Scene 33:灰の価値の発見
焚き火が静かにぱちぱちと鳴る。
その傍らで、放浪学者がいつものノートを取り出した。
炭のかけらでメモを取りながら、灰をつまんで目を細める。
放浪学者:「ふむ……この灰、ただの燃えカスではありませんね。」
エリザベート:「燃えカスって言い切られると、ちょっと切ないけど。」
学者:「いや、褒めてます。これは“魔力の余韻”です。
波動が安定している――つまり、火の記憶が残っている。」
クラウスが腕を組み、興味深そうに身を乗り出した。
クラウス:「火の記憶?」
学者:「はい。肥料に混ぜれば作物の発芽率が倍。
護符に塗り込めば魔除けの効果が出るでしょう。」
クラウス:「……商売になる。」
彼の声がわずかに低く響いた。
その一言に、護衛たちが一斉にうなずく。
王都商人の本能が、確かに反応していた。
だが――その瞬間。
ふわっ。
ウサギのマルシュが、灰の山に飛び込んだ。
もふもふの背中が灰を巻き上げ、光の粒が宙に舞う。
森の光と混ざり合い、まるで星屑のようにきらめいた。
エリザベート:「あー……また灰風呂してる。

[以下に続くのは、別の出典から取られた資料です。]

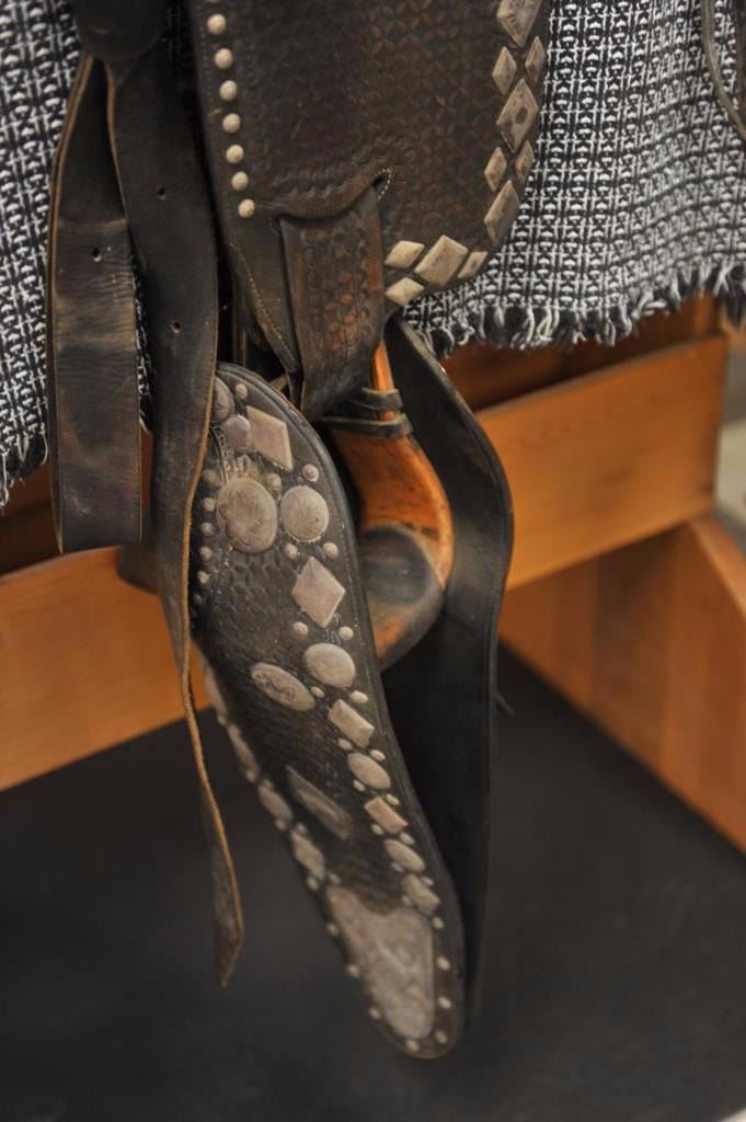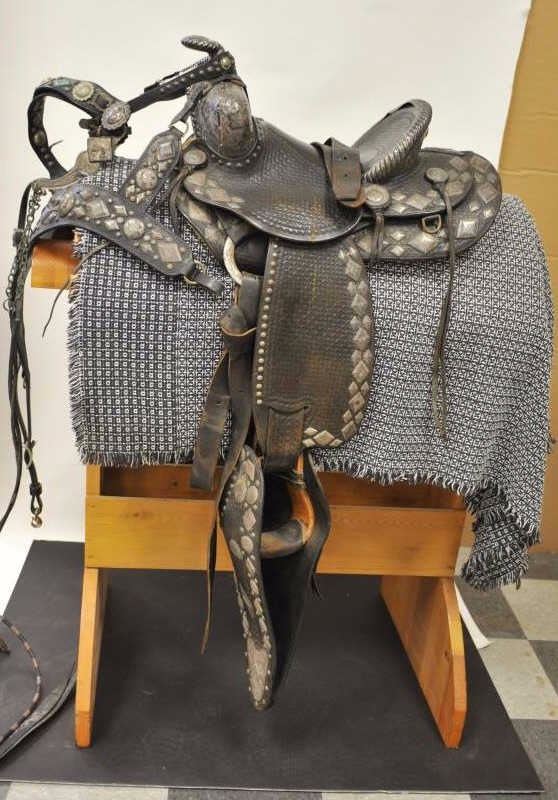 Silver mounted parade saddle belonging to Mickey Eissa who was a western personality that road in early Rose Bowl parades. Beautifully engraved silver horn and gullet signed “Bohlin Made Hollywood Calif.” Theseat is stamped “Hollywood Saddlery LTD, Mickey Eissa (Owner)”. The back of the seat shows a Cheyenne roll in scalloped or fluted design with fancy engraved silver back by same engraver as front. The seat and fendersshow blackened and basket weave carving. Mounted with silver horse heads and diamond all engraved en suite. California style tapaderos with matching silver horsehead and engraved geometric decorations. MatchingBohlin, Hollywood Calif. Signed bit and headstall with long and fancy reins engraved silver mounts with horse heads, conchos, geometrics and fancy silver studs. Some leather pieces are signed Bohlin Hollywood.Also silver mounted 6 ft. reins with drops engraved and raised horse head matching silver breast piece showing same designs as saddle, fenders and headstall. The saddle is in as found in the barn condition needing

」
学者:「見事な“自然還元”ですね。」
クラウス:「……ちょ、待て、それは商品――」
灰はすでに風に乗り、森中へと散っていく。
花々がわずかに色を増し、木々の葉がやさしく震える。
まるで森そのものが、喜んでいるかのようだった。
エリザベート:「……ね? これ、森に返すのが正しいんですよ。」
クラウス:「……しかし、それでは利益が――」
エリザベート:「森はもう十分、稼いでますよ。」
クラウスは言葉を失った。
その瞳に、燃え残った焚き火の光が映る。
灰――燃え尽きたものの中に、
まだ温もりが残っている。
彼は初めて理解した。
焚き火の価値とは、燃やした後にも息づくものなのだと。
放浪学者:「つまり、“経済的には損、精神的には黒字”ですな。」
エリザベート:「最高の決算です。」
マルシュがもふっと跳ね、灰を最後のひとつまみ空へ飛ばす。
それは風に乗って、遠くまで光りながら消えていった。
――焚き火の灰。
そこに宿るのは、金貨では測れない“余熱”の価値だった。